The pathogenic members belong to Mycobacterium were reported in activated sludge and effluent samples. This is in agreement with the previous investigation observing the occurrence of Mycobacteria in wastewater treatment plants that suggest a safe way of removal by designing a superior technology to reduce the maximum alarming situations (Radomski et al. 2011). In addition, investigation about the removal of such disease-causing agents from the effluent part of the digester is rarely found. Several pathogenic microbiomes, including Mycobacteria, Treponema, Legionellam, and Clostridia, were reported via pyrosequencing technology (Ibekwe et al. 2013). The samples of RNA were detected for the existence virus group in the effluent part of the digester. The RNA samples were found for the occurrence of hepatitis A and E viruses. Our investigation is an agreement with the previous study, where Steyer and his group detected Norovirus and other several enteric virus groups in the effluent section of the digester plant (Steyer et al. 2015). This investigation reveals the significance of observing, supervision, and controlling the presence of dangerous pathogens in various parts of the digested plant, mainly the effluent part due to the spreading danger and persistence in the environment, which could be vital during the reuse of water. Besides, their spread in the environment may cause dangerous pathogenic endeavors.
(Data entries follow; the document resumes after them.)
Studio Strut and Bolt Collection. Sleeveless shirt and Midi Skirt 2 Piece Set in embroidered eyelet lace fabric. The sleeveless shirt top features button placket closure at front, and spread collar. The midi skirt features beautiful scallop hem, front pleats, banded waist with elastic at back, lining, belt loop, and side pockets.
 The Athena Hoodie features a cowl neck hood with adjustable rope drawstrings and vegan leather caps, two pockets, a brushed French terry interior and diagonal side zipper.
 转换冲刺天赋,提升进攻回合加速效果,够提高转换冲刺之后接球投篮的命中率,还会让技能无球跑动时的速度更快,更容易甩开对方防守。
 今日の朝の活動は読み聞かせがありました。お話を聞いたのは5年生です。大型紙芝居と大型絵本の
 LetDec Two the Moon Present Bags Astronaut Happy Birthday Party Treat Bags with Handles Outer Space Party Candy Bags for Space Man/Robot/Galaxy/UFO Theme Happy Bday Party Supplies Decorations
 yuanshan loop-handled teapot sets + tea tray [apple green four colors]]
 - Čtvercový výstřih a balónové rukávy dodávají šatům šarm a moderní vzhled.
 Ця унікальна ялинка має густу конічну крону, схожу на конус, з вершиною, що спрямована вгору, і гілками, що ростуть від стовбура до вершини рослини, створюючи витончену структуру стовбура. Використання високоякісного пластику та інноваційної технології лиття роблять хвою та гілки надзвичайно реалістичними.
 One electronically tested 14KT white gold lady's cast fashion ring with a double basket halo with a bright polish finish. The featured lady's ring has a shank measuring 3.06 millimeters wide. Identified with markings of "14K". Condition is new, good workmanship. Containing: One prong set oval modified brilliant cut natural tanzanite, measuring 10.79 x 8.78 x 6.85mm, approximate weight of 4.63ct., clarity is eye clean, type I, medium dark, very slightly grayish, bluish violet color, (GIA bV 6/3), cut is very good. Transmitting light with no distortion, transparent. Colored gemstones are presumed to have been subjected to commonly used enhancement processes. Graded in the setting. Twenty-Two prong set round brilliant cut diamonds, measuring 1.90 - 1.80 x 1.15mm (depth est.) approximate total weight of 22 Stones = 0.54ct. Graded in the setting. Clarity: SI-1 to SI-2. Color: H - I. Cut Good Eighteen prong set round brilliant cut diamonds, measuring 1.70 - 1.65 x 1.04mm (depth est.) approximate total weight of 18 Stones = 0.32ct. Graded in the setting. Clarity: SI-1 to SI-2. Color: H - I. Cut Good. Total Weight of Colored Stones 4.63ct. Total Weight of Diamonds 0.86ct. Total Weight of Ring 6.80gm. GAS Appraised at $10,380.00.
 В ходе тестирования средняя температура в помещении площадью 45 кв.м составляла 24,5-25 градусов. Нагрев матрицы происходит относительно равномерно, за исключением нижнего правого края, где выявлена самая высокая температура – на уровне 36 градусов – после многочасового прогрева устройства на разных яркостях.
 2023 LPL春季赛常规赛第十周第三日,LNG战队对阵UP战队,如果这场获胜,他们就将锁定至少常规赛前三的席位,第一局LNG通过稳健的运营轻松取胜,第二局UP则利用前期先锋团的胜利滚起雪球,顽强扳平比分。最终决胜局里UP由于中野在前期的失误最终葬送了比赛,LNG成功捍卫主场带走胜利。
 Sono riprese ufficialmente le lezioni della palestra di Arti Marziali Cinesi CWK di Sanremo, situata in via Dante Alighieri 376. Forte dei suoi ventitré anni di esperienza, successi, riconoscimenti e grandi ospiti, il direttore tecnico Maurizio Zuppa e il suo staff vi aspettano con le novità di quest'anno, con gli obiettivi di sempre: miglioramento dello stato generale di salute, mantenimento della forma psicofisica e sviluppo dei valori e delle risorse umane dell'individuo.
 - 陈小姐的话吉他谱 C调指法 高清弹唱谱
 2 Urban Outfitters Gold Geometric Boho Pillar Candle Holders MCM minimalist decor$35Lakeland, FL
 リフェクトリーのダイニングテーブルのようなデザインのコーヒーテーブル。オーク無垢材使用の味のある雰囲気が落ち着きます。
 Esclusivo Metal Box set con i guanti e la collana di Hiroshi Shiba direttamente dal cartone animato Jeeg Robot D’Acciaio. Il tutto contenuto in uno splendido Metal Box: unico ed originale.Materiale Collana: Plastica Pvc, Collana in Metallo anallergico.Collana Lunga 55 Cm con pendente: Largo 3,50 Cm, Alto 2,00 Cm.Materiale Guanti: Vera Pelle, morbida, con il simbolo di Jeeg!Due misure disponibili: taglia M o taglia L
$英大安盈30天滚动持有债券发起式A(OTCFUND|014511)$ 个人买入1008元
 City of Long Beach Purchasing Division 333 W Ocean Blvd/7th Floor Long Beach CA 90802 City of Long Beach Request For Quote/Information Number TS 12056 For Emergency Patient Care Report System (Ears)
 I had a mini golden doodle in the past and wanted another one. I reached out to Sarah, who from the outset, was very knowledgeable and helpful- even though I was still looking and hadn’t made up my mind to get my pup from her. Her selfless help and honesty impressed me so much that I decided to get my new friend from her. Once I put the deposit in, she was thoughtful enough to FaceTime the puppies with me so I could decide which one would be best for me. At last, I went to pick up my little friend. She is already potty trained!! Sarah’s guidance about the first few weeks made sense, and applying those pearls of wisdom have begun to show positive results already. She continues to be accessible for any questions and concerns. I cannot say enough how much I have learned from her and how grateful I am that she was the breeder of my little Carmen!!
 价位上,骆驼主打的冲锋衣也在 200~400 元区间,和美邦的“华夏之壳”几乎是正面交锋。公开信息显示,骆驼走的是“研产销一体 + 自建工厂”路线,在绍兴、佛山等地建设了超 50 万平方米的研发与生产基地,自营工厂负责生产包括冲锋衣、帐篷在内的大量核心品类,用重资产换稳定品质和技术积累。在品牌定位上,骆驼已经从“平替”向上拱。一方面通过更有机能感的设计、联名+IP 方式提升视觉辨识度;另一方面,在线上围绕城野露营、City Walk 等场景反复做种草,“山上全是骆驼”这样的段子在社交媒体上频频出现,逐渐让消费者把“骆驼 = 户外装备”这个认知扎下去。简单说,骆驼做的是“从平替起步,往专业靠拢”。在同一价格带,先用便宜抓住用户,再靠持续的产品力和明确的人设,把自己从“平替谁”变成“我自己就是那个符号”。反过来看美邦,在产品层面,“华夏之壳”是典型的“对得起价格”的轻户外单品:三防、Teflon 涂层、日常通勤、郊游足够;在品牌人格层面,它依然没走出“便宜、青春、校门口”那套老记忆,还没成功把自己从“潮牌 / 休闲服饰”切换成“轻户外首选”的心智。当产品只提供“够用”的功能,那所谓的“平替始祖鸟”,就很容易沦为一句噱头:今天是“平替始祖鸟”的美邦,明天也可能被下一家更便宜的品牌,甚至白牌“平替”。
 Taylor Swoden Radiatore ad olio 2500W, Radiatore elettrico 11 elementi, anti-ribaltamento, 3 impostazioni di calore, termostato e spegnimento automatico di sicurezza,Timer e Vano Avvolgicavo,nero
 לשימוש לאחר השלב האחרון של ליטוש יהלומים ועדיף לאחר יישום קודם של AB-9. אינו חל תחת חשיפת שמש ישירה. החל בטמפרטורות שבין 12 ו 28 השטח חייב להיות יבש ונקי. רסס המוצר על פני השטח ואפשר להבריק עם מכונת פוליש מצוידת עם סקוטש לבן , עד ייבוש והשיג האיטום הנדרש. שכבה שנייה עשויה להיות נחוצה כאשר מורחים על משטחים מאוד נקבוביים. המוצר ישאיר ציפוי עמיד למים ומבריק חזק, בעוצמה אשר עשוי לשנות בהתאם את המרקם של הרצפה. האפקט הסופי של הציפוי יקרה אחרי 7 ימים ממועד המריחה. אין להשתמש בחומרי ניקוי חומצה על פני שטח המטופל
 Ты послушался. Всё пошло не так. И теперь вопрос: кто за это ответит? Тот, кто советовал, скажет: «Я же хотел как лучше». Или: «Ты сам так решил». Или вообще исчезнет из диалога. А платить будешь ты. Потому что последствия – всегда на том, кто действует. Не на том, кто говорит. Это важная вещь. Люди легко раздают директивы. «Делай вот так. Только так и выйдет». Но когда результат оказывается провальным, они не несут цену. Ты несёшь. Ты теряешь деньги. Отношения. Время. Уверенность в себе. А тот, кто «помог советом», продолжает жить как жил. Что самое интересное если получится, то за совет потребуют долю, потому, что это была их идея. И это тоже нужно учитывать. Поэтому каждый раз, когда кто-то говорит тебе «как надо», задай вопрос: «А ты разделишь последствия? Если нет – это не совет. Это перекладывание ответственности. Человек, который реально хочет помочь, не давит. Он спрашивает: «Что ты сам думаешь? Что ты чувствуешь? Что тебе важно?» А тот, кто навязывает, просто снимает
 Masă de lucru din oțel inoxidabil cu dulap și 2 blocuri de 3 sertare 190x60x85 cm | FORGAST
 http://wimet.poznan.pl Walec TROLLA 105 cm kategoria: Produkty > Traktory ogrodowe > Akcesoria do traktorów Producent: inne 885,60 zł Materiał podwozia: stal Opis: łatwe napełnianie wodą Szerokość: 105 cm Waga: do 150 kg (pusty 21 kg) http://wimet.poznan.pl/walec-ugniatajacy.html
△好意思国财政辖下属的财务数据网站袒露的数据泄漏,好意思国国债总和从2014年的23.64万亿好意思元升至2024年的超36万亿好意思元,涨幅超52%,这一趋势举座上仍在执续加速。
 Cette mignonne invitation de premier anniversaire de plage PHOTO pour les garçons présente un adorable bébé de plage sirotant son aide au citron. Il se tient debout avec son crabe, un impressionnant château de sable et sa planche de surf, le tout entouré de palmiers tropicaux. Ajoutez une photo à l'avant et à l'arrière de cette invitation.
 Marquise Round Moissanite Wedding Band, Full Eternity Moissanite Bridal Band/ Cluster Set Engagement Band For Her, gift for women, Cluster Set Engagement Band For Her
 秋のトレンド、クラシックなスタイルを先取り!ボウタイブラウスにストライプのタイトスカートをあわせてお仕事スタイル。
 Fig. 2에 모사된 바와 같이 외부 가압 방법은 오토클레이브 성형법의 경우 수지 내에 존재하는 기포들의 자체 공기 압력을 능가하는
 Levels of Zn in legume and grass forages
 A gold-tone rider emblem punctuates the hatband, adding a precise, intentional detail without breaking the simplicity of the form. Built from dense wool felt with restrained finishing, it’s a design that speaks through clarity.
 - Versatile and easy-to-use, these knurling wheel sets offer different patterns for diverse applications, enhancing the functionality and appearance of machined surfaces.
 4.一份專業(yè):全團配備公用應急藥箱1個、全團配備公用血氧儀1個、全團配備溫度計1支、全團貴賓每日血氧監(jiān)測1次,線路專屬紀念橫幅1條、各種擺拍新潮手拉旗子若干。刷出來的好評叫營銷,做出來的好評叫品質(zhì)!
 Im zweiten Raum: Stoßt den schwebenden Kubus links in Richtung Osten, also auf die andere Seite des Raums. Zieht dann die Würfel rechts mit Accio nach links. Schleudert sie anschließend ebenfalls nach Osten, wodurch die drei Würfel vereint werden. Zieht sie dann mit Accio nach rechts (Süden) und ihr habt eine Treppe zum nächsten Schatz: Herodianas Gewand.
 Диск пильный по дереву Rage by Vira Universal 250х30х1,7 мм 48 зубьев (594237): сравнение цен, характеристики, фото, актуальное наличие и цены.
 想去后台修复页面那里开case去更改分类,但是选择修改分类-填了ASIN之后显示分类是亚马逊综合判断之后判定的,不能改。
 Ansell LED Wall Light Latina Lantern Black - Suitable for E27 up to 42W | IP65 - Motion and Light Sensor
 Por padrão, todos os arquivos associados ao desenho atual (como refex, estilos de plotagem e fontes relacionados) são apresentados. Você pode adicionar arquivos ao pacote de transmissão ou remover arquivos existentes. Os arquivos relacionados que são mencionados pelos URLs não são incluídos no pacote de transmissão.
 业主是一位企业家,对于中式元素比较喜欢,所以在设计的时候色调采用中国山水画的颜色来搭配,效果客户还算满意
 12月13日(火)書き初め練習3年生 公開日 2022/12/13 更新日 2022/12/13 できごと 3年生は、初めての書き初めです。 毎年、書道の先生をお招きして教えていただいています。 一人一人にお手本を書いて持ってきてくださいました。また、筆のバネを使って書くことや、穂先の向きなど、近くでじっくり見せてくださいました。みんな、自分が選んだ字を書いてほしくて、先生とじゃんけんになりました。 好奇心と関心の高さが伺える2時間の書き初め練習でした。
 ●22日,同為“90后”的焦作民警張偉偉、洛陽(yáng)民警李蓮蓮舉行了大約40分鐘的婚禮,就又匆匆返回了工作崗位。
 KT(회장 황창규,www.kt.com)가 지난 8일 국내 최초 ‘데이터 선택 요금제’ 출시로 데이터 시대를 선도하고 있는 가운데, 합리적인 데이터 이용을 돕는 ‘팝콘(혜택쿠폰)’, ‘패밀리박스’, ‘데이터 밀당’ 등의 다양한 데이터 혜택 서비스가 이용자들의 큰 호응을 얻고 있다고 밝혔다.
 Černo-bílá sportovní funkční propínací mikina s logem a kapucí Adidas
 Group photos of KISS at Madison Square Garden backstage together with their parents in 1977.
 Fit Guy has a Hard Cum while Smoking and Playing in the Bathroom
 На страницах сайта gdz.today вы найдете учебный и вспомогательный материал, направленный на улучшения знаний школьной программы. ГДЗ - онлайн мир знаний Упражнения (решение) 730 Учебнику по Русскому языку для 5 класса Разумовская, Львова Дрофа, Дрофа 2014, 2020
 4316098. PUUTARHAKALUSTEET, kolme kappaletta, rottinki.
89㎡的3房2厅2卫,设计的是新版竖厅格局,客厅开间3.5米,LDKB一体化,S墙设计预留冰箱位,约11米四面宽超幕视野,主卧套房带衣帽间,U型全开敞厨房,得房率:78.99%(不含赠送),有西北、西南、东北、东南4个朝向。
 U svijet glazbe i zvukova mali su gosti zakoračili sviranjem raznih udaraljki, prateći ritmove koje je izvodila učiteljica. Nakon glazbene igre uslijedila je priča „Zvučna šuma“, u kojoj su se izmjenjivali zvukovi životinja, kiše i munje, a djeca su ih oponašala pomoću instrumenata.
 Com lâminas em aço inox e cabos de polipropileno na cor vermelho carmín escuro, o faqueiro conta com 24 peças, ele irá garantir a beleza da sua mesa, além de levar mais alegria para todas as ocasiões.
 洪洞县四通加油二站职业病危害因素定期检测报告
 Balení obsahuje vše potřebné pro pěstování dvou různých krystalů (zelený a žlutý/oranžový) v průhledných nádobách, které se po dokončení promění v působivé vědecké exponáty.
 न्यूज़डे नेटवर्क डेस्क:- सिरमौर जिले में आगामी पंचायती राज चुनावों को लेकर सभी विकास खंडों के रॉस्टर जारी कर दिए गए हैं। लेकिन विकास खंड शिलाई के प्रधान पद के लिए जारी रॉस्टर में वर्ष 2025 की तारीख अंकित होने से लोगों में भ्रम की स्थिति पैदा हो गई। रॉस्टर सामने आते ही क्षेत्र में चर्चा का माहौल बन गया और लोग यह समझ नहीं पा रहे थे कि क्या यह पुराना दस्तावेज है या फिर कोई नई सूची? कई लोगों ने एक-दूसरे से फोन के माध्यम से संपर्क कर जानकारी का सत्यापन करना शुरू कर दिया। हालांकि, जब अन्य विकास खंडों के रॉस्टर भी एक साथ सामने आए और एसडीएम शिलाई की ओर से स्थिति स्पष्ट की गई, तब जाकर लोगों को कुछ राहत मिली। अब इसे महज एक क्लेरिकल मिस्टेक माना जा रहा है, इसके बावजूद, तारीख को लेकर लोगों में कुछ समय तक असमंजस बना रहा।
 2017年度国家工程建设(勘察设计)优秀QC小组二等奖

There are some limitations to the active pathogen detections limit in this study. The concentration of bacteria in the active sludge part is around 107–109 cell mL−1 (Ewert and Paynter 1980); therefore, only a specific amount of this concentration could be detected using Illumina sequencing technology. The detection limits of qPCR were 10 fg DNA (Lee et al. 2006). Only half of the concentration of Escherichia coli cells could be detected. It is recommended that pathogens should be detected with all aspects, including metagenomics, meta-transcriptomics, and proteomic levels, for 100% detection to avoid chances of being spread and persistence in the environment. Only the metagenomic-level detection has faced specific limitations. There are thousands of same species in a specific part of the sludge, but only a few could be pathogenic. For example, there are more than fifty Bacillus species in the current study, but only three to four are pathogens according to the data bank. Besides, in the case of homo species, some could be beneficial, and some could be pathogenic. An example is E. coli, where few are useful for humans (Grozdanov et al. 1917), while some are pathogenic (Karch et al. 2005). However, Illumina sequencing technology is still an effective methodology to screen pathogens in the environment, mainly in the wastewater treatment plant, to avoid severe diseases.

Conclusion

This study investigates the significance of monitoring, observation, and precautionary measurement for the prevalence of disease-causing agents in effluent part of wastewater treatment plants, especially for reuse of water. In addition, it is not possible to detect the existence of pathogenic microbes in wastewater treatment plants only by observation of fecal pollution indicators, as described by several published reports. This study concluded that Ilumina sequencing technology is a potential and robust way to investigate the whole microbial structure affiliated with individual taxonomic groups that occur in the wastewater treatment procedure. In future correspondence, a strategic approach is required to investigate the point that could remove and eliminate the pathogens from the wastewater treatment process. However, Illumina sequencing technology among all the rest of the methods is a powerful technology to detect disease-causing agents in all parts of the wastewater treatment plant that can also quantify the concentration of nucleic acid that occurs in the samples.